Data records
────────────────────

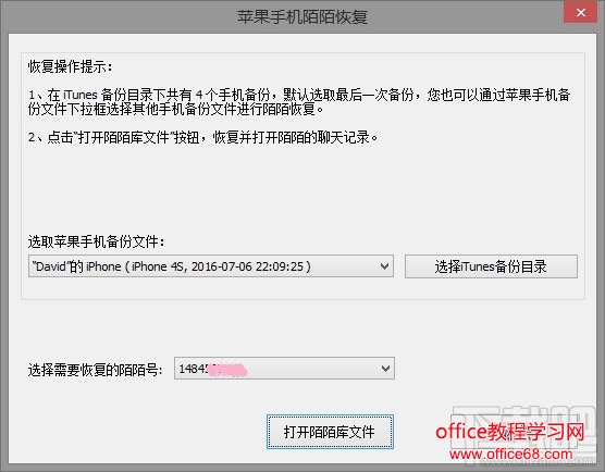 在“iTunes备份陌陌恢复”对话框中,如下图点击“打开陌陌库文件”按钮,就能查看需要恢复陌陌号的聊天记录了。如果有多个陌陌号,可以通过陌陌号的下拉框进行选择。
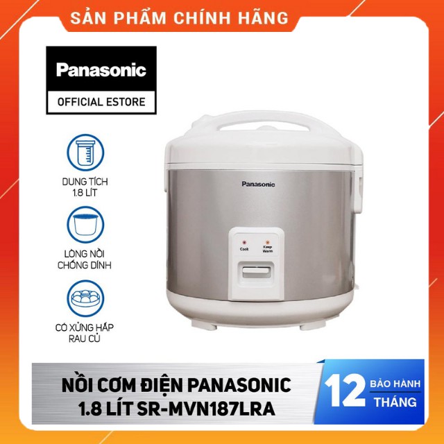 [Cơm Ngon - Chín Nhanh] Nồi Cơm Điện Panasonic MVN-187 Dung tích 1.8L Kiểu Dáng Sang Trọng - Hàng Chính HãngĐẶC ĐIỂM NỔI BẬT:
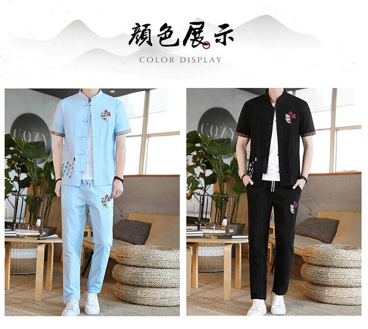 夏の綿とリネンのスーツメンズリネン半袖 tシャツ 2023 新中国風の唐スーツメンズカジュアル古代漢服 コットン サマー 夏物 undao76956149328
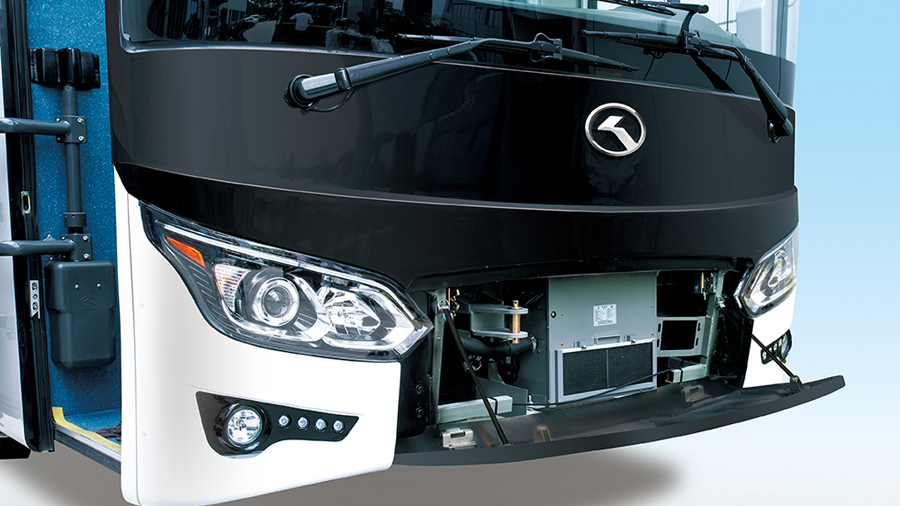 | 车身主要配置 | 国产六档变速箱;前轮爆胎应急装置;WABCO ABS+ESC;六气囊空气悬架;CAN总线;全承载车身;;铝合金手动外摆行李舱门;豪华行李架;高级耐磨地板革;真皮减震司机椅(三点式安全带);龙翼车载电脑终端专业版;道路自动限速控制系统。 |
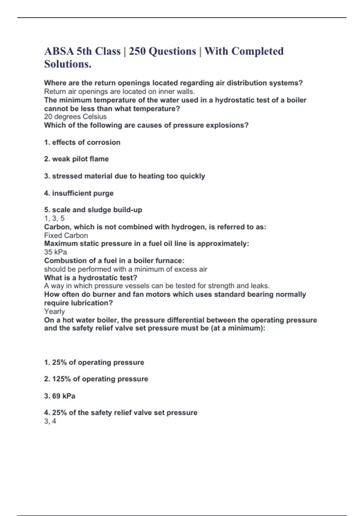 ABSA 5th Class | 250 Questions | With Completed Solutions. Where are the return openings located regarding air distribution systems? Return air openings are located on inner walls. The minimum temperature of the water used in a hydrostatic test of a boiler cannot be less than what temperature? 20 degrees Celsius Which of the following are causes of pressure explosions? 1. effects of corrosion 2. weak pilot flame 3. stressed material due to heating too quickly 4. insufficient purge 5. scale and sludge build-up 1, 3, 5 Carbon, which is not combined with hydrogen, is referred to as: Fixed Carbon Maximum static pressure in a fuel oil line is approximately: 35 kPa Combustion of a fuel in a boiler furnace: should be performed with a minimum of excess air What is a hydrostatic test? A way in which pressure vessels can be tested for strength and leaks. How often do burner and fan motors which uses standard bearing normally require lubrication? Yearly
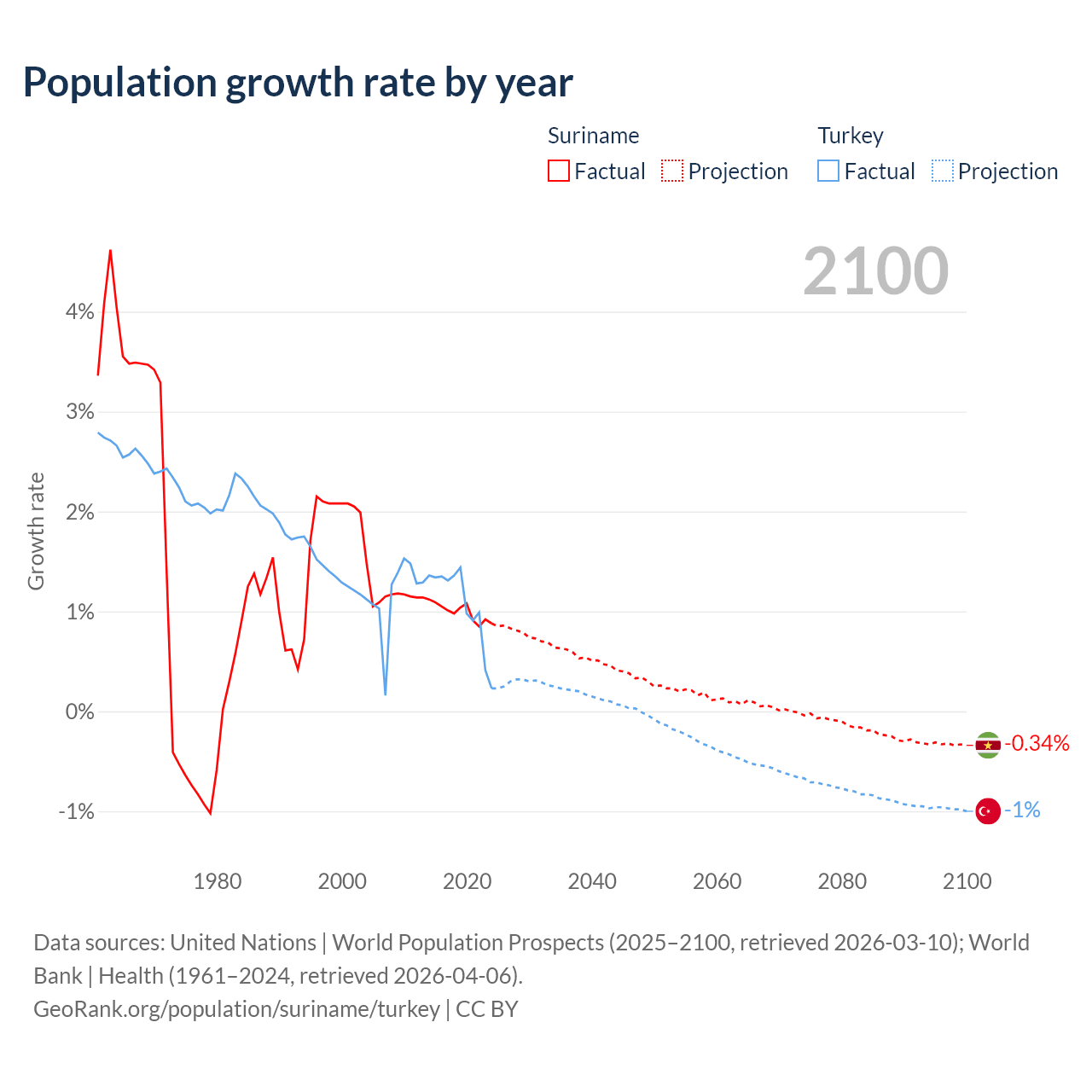 - For the last 10 years, Suriname has had an average growth rate of +0.99% per year vs +1.06% in Turkey.
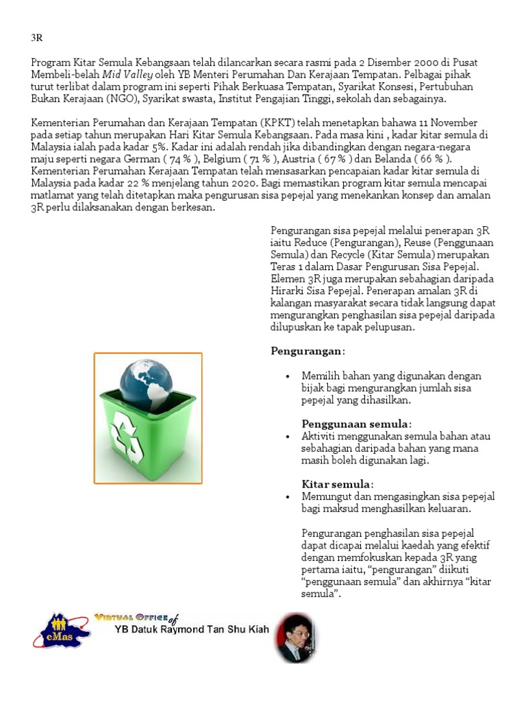 Pelaksanaan ini adalah berdasarkan peraturan di bawah akta pengurusan sisa pepejal dan pembersihan awam 2007 (akta 672) yang denda kompaun maksimum sehingga rm1,000 akan dikenakan jika didapati enggan melaksanakan pengasingan sisa pepejal mulai 1 jun ini. Majlis dirasmikan menteri kesejahteraan bandar, perumahan dan. Sejajar dengan pertambahan penduduk dan kepesatan pembangunan dan pembandaran, perubahan. Dasar pengurusan sisa pepejal negara adalah satu langkah penambahbaikan yang strategic dalam mencapai status negara maju dan pengurusan sisa pepejal yang lebih mapan. Perbadanan pengurusan sisa pepejal dan pembersihan awam, kuantana, pahanga, malaizija — atrašanās vietu kartē, telefons, atsauksmes. Buku garis panduan pengurusan sisa pepejal untuk penganjuran acara. Pembuangan sisa pepejal tanpa kawalan dan tanpa cara yang betul adalah merugikan. Peratusan komposisi sisa pepejal ini dapat menggambarkan permasalahan yang ada dalam amalan pengurusan sisa pepejal di sekolah. Penjanaan sisa pepejal di malaysia semakin meningkat selari dengan pertambahan penduduk pada masa kini. Kejayaan pengurusan sisa pepejal sangat bergantung kepada sejauh manakah masyarakat menyedari dan melibatkan diri dengan mengamalkan kaedah pengurusan sisa pepejal yang betul. Kitar semula, komuniti, pembersihan awam, pengetahuan, pengurusan sisa, sisa pepejal. Setiap sisa buangan anda adalah sumber pendapatan di kala memerlukan. Hal ini menunjukkan bahawa terdapat juga segelintir masyarakat yang memahami kepentingan pengasingan ini dibuat, manakala.

────────────────────

When you copy the data above, reproduce each line exactly and skip every image.

Answer box »
 在“iTunes备份陌陌恢复”对话框中,如下图点击“打开陌陌库文件”按钮,就能查看需要恢复陌陌号的聊天记录了。如果有多个陌陌号,可以通过陌陌号的下拉框进行选择。
 [Cơm Ngon - Chín Nhanh] Nồi Cơm Điện Panasonic MVN-187 Dung tích 1.8L Kiểu Dáng Sang Trọng - Hàng Chính HãngĐẶC ĐIỂM NỔI BẬT:
 夏の綿とリネンのスーツメンズリネン半袖 tシャツ 2023 新中国風の唐スーツメンズカジュアル古代漢服 コットン サマー 夏物 undao76956149328
 | 车身主要配置 | 国产六档变速箱;前轮爆胎应急装置;WABCO ABS+ESC;六气囊空气悬架;CAN总线;全承载车身;;铝合金手动外摆行李舱门;豪华行李架;高级耐磨地板革;真皮减震司机椅(三点式安全带);龙翼车载电脑终端专业版;道路自动限速控制系统。 |
 ABSA 5th Class | 250 Questions | With Completed Solutions. Where are the return openings located regarding air distribution systems? Return air openings are located on inner walls. The minimum temperature of the water used in a hydrostatic test of a boiler cannot be less than what temperature? 20 degrees Celsius Which of the following are causes of pressure explosions? 1. effects of corrosion 2. weak pilot flame 3. stressed material due to heating too quickly 4. insufficient purge 5. scale and sludge build-up 1, 3, 5 Carbon, which is not combined with hydrogen, is referred to as: Fixed Carbon Maximum static pressure in a fuel oil line is approximately: 35 kPa Combustion of a fuel in a boiler furnace: should be performed with a minimum of excess air What is a hydrostatic test? A way in which pressure vessels can be tested for strength and leaks. How often do burner and fan motors which uses standard bearing normally require lubrication? Yearly
 - For the last 10 years, Suriname has had an average growth rate of +0.99% per year vs +1.06% in Turkey.
 Pelaksanaan ini adalah berdasarkan peraturan di bawah akta pengurusan sisa pepejal dan pembersihan awam 2007 (akta 672) yang denda kompaun maksimum sehingga rm1,000 akan dikenakan jika didapati enggan melaksanakan pengasingan sisa pepejal mulai 1 jun ini. Majlis dirasmikan menteri kesejahteraan bandar, perumahan dan. Sejajar dengan pertambahan penduduk dan kepesatan pembangunan dan pembandaran, perubahan. Dasar pengurusan sisa pepejal negara adalah satu langkah penambahbaikan yang strategic dalam mencapai status negara maju dan pengurusan sisa pepejal yang lebih mapan. Perbadanan pengurusan sisa pepejal dan pembersihan awam, kuantana, pahanga, malaizija — atrašanās vietu kartē, telefons, atsauksmes. Buku garis panduan pengurusan sisa pepejal untuk penganjuran acara. Pembuangan sisa pepejal tanpa kawalan dan tanpa cara yang betul adalah merugikan. Peratusan komposisi sisa pepejal ini dapat menggambarkan permasalahan yang ada dalam amalan pengurusan sisa pepejal di sekolah. Penjanaan sisa pepejal di malaysia semakin meningkat selari dengan pertambahan penduduk pada masa kini. Kejayaan pengurusan sisa pepejal sangat bergantung kepada sejauh manakah masyarakat menyedari dan melibatkan diri dengan mengamalkan kaedah pengurusan sisa pepejal yang betul. Kitar semula, komuniti, pembersihan awam, pengetahuan, pengurusan sisa, sisa pepejal. Setiap sisa buangan anda adalah sumber pendapatan di kala memerlukan. Hal ini menunjukkan bahawa terdapat juga segelintir masyarakat yang memahami kepentingan pengasingan ini dibuat, manakala.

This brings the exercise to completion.